== Given material ==

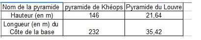 2)a) D'après le tableau suivant, expliquer pourquoi on dit que la pyramide du Khéops a servi de modèle pour la construction de la pyramide du Louvre.
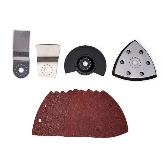В комплект поставки входять дельта-шліфувальний башмак із кріпленням на липучці та набір шліфувального паперу 9 шт різної зернистості (кожен 3x P60, P80, P120). Також в комплект поставки входять скребок, порізне пильне полотно для деревини та пластику та сегментне пиляльне полотно для дерева, пластику та м’якого металу (HSS). Поставляється без акумулятора і зарядного пристрою, вони доступні окремо.
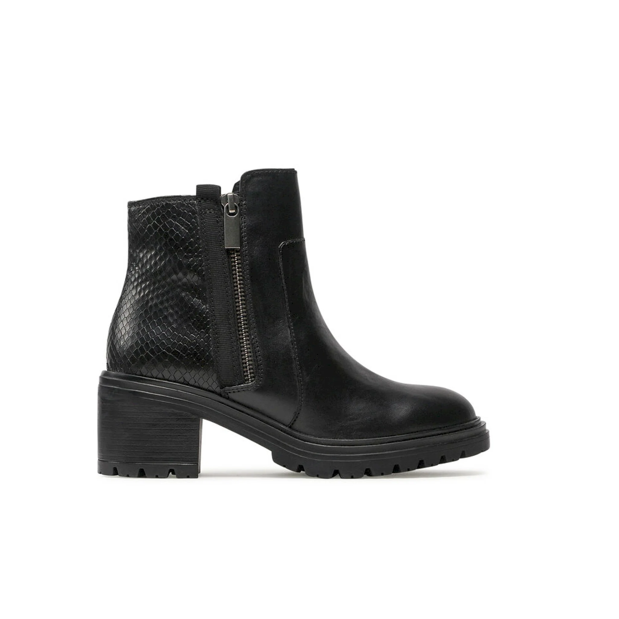 Tronchetti neri della linea geox realizzati in pelle. dispongono di una doppia chiusura laterale con zip che ne agevola la calzata. la suola garantisce un comfort ottimale durante tutta la giornata. questi stivaletti contraddistinguono per uno stile moderno e di tendenza.

===

Copy the whole of the material above exactly, but not its images.

> _Answer to the problem_:
 2)a) D'après le tableau suivant, expliquer pourquoi on dit que la pyramide du Khéops a servi de modèle pour la construction de la pyramide du Louvre.
В комплект поставки входять дельта-шліфувальний башмак із кріпленням на липучці та набір шліфувального паперу 9 шт різної зернистості (кожен 3x P60, P80, P120). Також в комплект поставки входять скребок, порізне пильне полотно для деревини та пластику та сегментне пиляльне полотно для дерева, пластику та м’якого металу (HSS). Поставляється без акумулятора і зарядного пристрою, вони доступні окремо.
 Tronchetti neri della linea geox realizzati in pelle. dispongono di una doppia chiusura laterale con zip che ne agevola la calzata. la suola garantisce un comfort ottimale durante tutta la giornata. questi stivaletti contraddistinguono per uno stile moderno e di tendenza.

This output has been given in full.